HONG KONG: Shopping for Some Kind of Equitable Treatment

The well-known fashion brand Dolce and Gabbana has issued a fairly lame statement on January 18th expressing its regret for offending the people of Hong Kong. But, funnily enough, many protesters are refusing to accept this apology.

Two weeks ago, Hong Kong locals were forbidden to take pictures in front of the Dolce and Gabbana boutique store on Canton Road.  Authorized by the company, a security guard explained to the locals that only mainland tourists and foreigners were exclusively allowed to take pictures in front of the store.

The company refused to respond to inquiries from The South China Morning Post, Hong Kong’s premier English language newspaper. But outraged protesters began to organize on Facebook, and on January 8th more than a thousand angry protesters gathered on Canton Road taking pictures of the store. The store had to close during the hours of protest.

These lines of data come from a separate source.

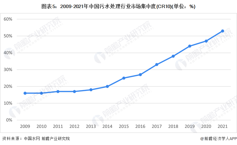 2014年以來,污水處理行業市場集中度呈現上升的趨勢,據中國水網數據,2021年,中國市政污水市場化佔比為45%,市場集中度(CR10)達到53%。隨着我國環保產業的快速發展,污水處理市場規模將不斷擴大,產業市場化服務需求增長,行業將呈現資源整合與跨區域發展的趨勢,在規模效應的推動下,行業領先企業規模擴張速度加快,行業的集中度將逐步提高。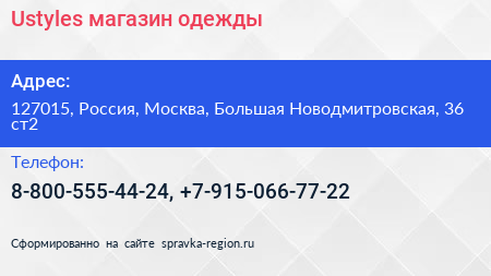 Ustyles, магазин одежды по адресу 127015, Россия, Москва, Большая Новодмитровская, 36 ст2 в дальнейшем Организация, размещена в следующих категориях: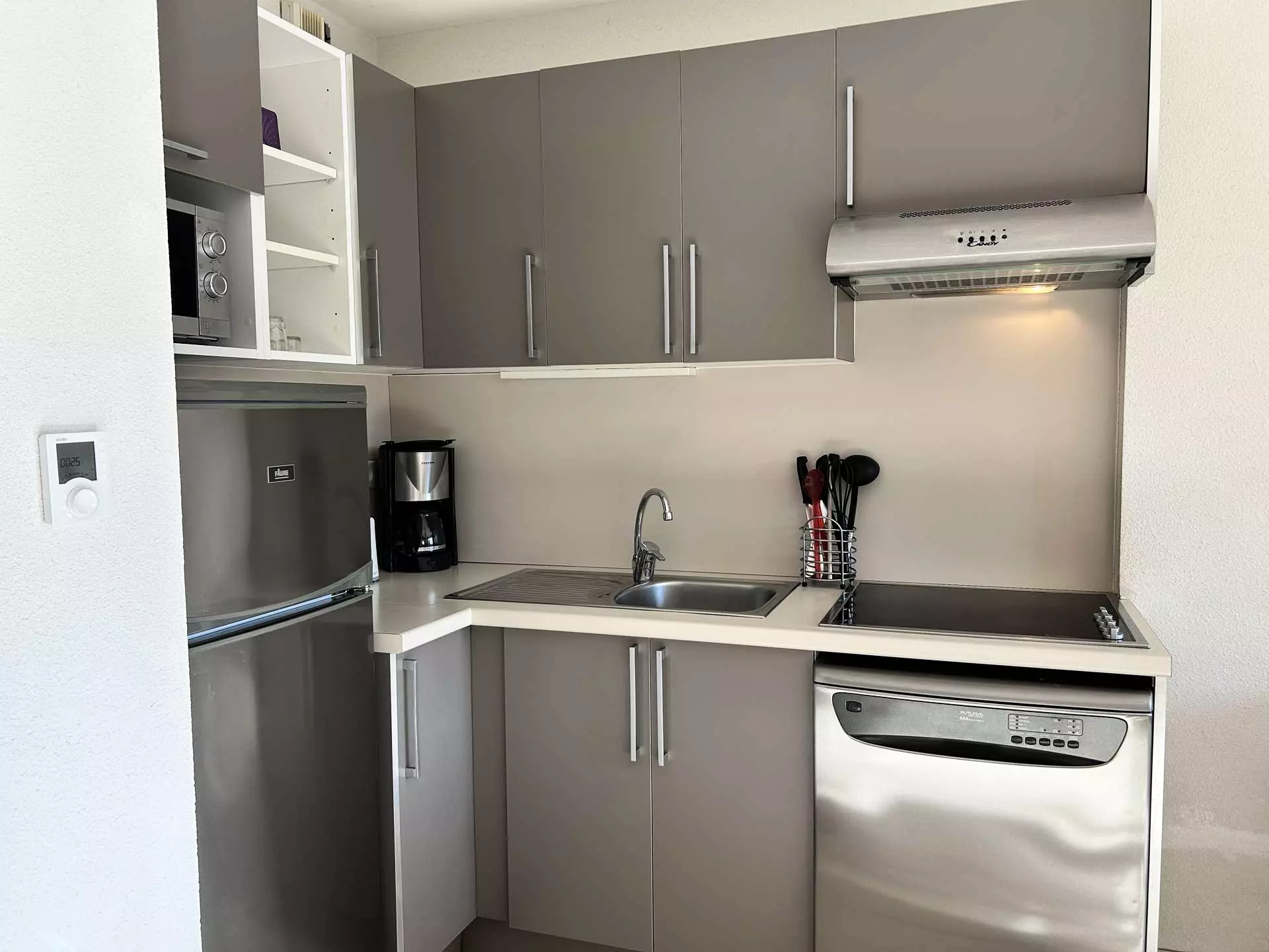 - Une cuisine ouverte, entièrement équipée, avec un évier, des plaques à induction 4 foyers, une hotte, un micro-ondes multifonction, un réfrigérateur-congélateur, un lave-vaisselle, un grille-pain, une cafetière et une bouilloire ;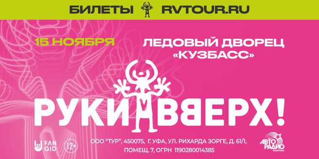 15 ноября 2025 года группа "Руки Вверх!" привезет в Кемерово обновленное шоу. Для большого юбилейного тура была подготовлена новая танцевальная шоу-программа, заряжены тонны звука и света. Зрителей концерта ждет настоящая лавина чувств, которые можно выплеснуть на танцполе под любимые песни и легендарные хиты.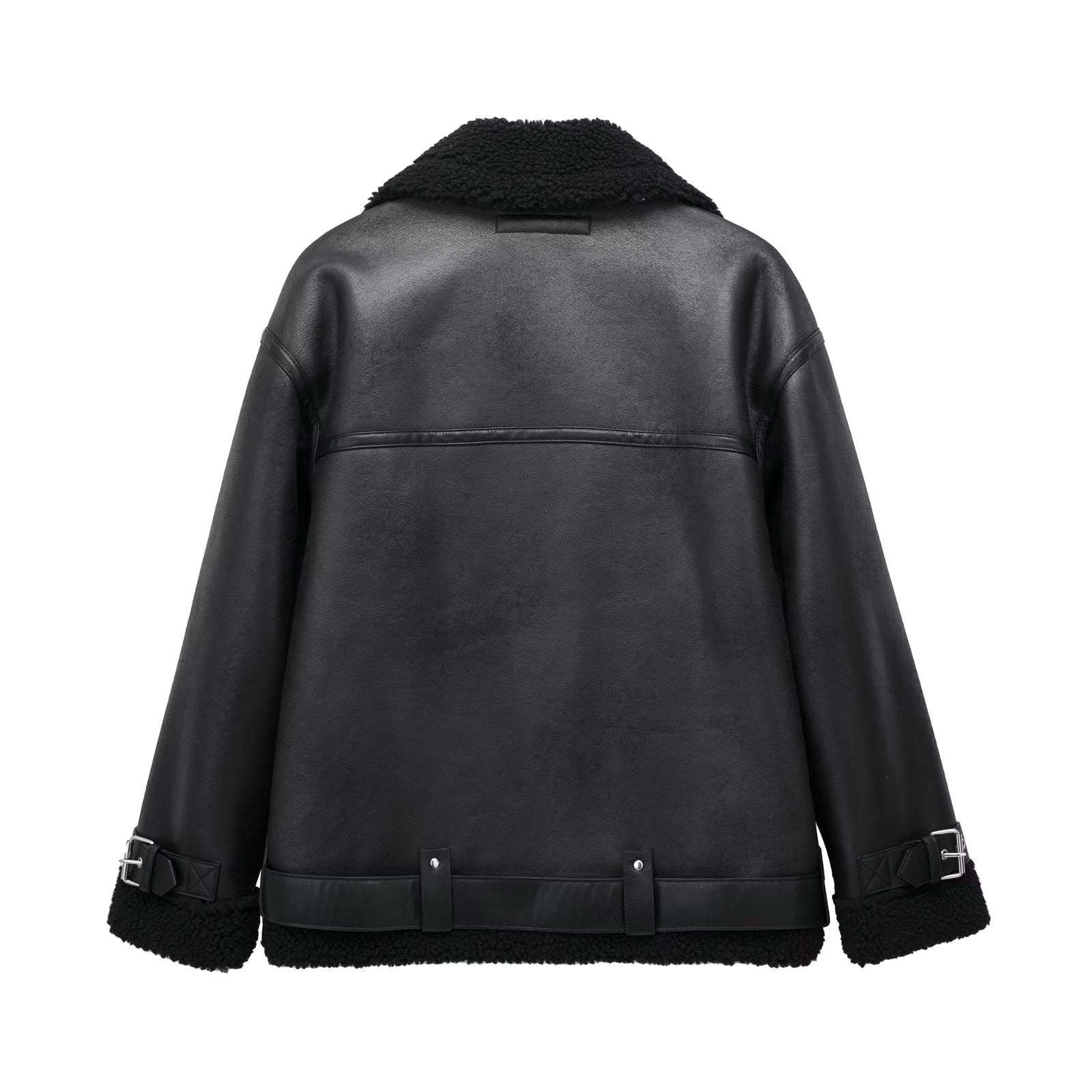 Women's Fashion Zipper With Belt Double-sided Loose Jackets

Despite the company’s issued apology (“We understand that the events which unfolded in front of the Dolce & Gabbana boutique on Canton Road have offended the citizens of Hong Kong. For this we are truly sorry and we apologize”), many Facebook users have rejected the statement and are making further plans for future protests.

According to Dr. Ma Ngok, political scientist at Chinese University, the protestors’ anger was caused by the perception that more and more the Hong Kong business establishment caters to wealthy mainlanders discriminating against Hongkongers. And people are increasingly sick of it.